Это любовное влечение в силу вышеизложенного и происхождения называется в психоанализе сексуальным влечением. «Образованные» люди, в своем большинстве, восприняли такое название как оскорбление и отомстили психоанализу тем, что обвинили его в «пансексуализме». Тем, кто находит сексуальность чем-то постыдным и унизительным для человеческой природы, можно посоветовать использовать более приятные для слуха выражения «эрос» и «эротика». Я мог бы с самого начала поступить так же, чем избежал бы множества упреков. Однако я не стал этого делать, чтобы не уступать собственному малодушию. Нельзя было идти по такому скользкому пути: сначала уступаешь на словах, а потом уступишь и на деле. Я не нахожу никакой доблести в том, чтобы стыдиться сексуальности; греческое слово «эрос», каковое должно смягчить оскорбление нежных чувств, в точности соответствует нашему немецкому слову «любовь»; а, кроме того, тот, кто имеет возможность ждать, не должен делать уступок.
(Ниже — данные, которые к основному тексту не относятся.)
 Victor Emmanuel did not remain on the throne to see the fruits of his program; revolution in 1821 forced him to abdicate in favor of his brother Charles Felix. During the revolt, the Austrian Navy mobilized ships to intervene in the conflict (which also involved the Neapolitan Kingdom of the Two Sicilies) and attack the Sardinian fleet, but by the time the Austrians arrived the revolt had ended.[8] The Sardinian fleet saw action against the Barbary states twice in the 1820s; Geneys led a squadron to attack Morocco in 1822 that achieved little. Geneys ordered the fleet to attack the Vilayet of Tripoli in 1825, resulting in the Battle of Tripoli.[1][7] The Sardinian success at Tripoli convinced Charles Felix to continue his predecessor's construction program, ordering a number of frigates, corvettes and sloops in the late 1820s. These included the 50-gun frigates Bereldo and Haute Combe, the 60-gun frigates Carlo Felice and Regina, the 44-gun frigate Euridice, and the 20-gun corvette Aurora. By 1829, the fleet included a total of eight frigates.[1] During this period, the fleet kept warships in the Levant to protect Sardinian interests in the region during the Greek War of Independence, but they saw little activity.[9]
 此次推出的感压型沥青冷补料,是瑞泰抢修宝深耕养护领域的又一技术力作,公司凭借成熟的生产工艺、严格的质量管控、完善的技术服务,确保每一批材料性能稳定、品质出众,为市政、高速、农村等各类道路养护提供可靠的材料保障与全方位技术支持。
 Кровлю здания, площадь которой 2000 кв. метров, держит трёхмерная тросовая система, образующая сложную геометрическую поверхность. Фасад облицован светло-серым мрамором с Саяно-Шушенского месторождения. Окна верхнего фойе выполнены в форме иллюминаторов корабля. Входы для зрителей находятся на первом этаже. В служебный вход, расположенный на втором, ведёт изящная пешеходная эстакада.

Предположим, однако, что любовные отношения (если выражаться более индифферентно: чувственные отношения) составляют сущность души масс. Надо при этом вспомнить, что об этом нет ни слова у цитируемых нами авторов. То, что соответствует любовным отношениям, скрыто, очевидно, за ширмой внушения или суггестии. Это предположение подкрепляется двумя очевидными мыслями. Во-первых, мыслью о том, что масса удерживается вместе, очевидно, какой-то силой. Чем может быть эта сила, как не эросом, который удерживает и скрепляет все в этом мире? Во-вторых, мыслью о том, что, наблюдая индивида в массе, невозможно отделаться от ощущения, что человек в массе, отказываясь от своей индивидуальной оригинальности и подпадая под воздействие суггестии, делает так, потому что испытывает потребность быть в массе, а не выступать против нее, то есть, возможно, поступает массе «в угоду».
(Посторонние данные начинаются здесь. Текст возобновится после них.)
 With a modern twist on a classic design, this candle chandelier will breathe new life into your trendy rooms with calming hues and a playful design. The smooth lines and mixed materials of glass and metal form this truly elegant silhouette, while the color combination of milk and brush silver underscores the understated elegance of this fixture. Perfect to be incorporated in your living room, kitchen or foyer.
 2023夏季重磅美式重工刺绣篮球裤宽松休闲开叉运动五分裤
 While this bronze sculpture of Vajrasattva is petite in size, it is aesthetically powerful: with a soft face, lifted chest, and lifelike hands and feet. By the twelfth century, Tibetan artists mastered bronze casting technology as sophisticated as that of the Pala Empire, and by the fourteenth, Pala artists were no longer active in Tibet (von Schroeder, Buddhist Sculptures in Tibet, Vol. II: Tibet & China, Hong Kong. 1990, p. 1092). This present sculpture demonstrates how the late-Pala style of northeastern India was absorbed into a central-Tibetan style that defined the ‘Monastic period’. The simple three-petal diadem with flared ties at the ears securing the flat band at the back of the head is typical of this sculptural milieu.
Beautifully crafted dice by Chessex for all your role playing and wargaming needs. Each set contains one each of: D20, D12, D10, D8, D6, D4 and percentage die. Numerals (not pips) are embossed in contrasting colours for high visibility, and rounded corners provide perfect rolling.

V. Две искусственные массы: церковь и армия
Относительно морфологии масс надо вспомнить, что можно выделить очень много видов масс и не меньше противоречащих друг другу принципов их организации. Есть массы летучие, эфемерные, а есть массы устойчивые; массы однородные, состоящие из похожих друг на друга индивидов, и массы неоднородные; естественные массы и искусственные, для организации которых необходимо приложение внешней силы; примитивные массы и высокоорганизованные. По некоторым соображениям нам хотелось бы обратить особое внимание на одно различие, ускользнувшее от внимания рассмотренных нами авторов; я имею в виду различение между массами без вождей и массами с вождями. Вопреки устоявшейся традиции мы в качестве исходного пункта выберем не относительно простую массу, а высокоорганизованные, устойчивые и долговечные искусственные массы. Самые интересные примеры таких структур это церковь община верующих, и армия войско.
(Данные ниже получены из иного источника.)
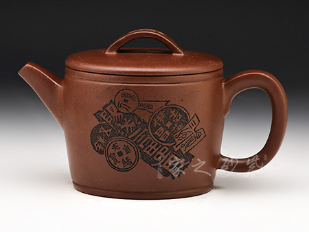 此作為經(jīng)典紫砂壺型漢瓦,圓筒形壺體,蓋平略見(jiàn)弧,橋式鈕。壺蓋子口制作圓而不規(guī),轉(zhuǎn)捻即緊,全器思致淵雅,古趣昂然。漢瓦壺廣口大蓋,出水流暢,倒茶倒水都十分方便。
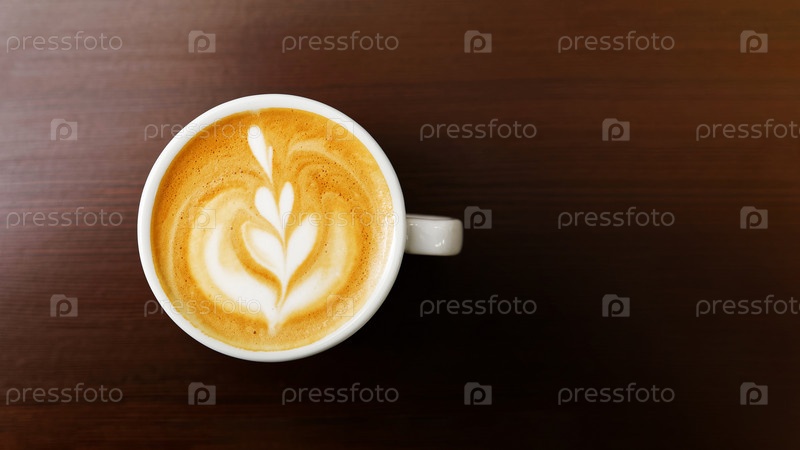 Белые чашки кофе капучино на темном деревянном фоне. Вид сверху с копией пространства
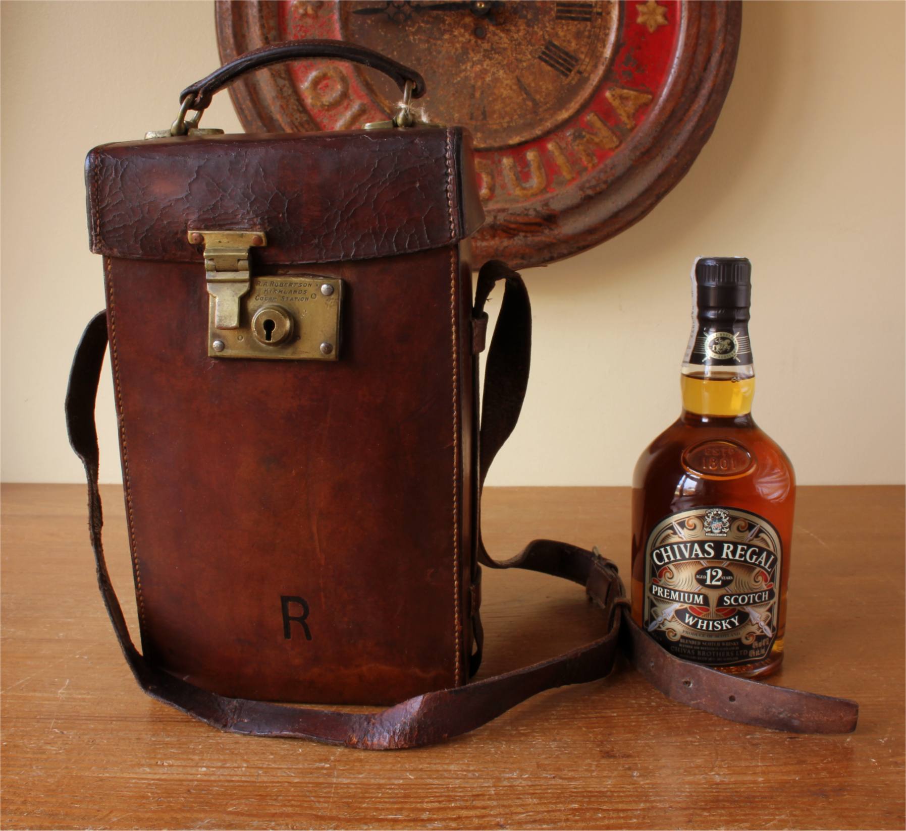 Marks: Engraved to brass lock with: RA Robertson Kirklands Gogar Station. Marked to bottoms of the two Whisky bottles with Walkers, Kilmarnock Whisky and their batch numbers or 1800 and 1915.
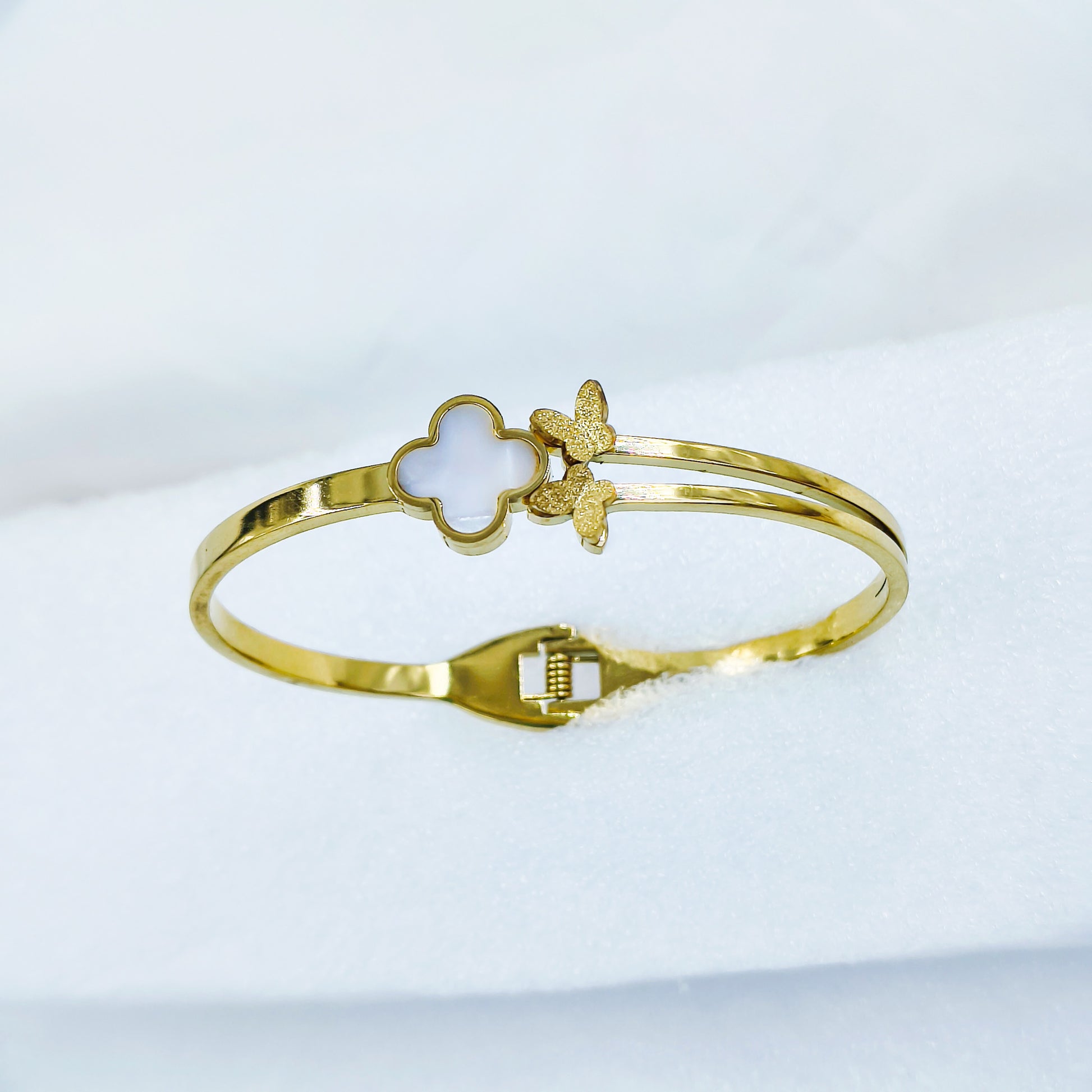 Gold Plated Clover Kada with Butterfly Design – Anti Tarnish (Regular Size 2.6 & 2.8)

Церковь и войско искусственные массы, то есть необходимо приложить извне известное принуждение, чтобы уберечь их от распада и предупредить изменение их структуры. Как правило, человека не спрашивают, хочет ли он вступить в эту массу, как и не предоставляют ему свободное право сделать это; тем не менее, попытка выхода обычно преследуется, наказывается или обставляется некими вполне определенными условиями. Вопрос о том, почему эти объединения нуждаются в таких особых сохраняющих мероприятиях, выходит за пределы рассмотрения настоящего труда. Нас здесь привлекает только одно обстоятельство: в этих, защищенных большими усилиями от распада массах можно с большой отчетливостью различить известные отношения, которые в других массах более скрыты.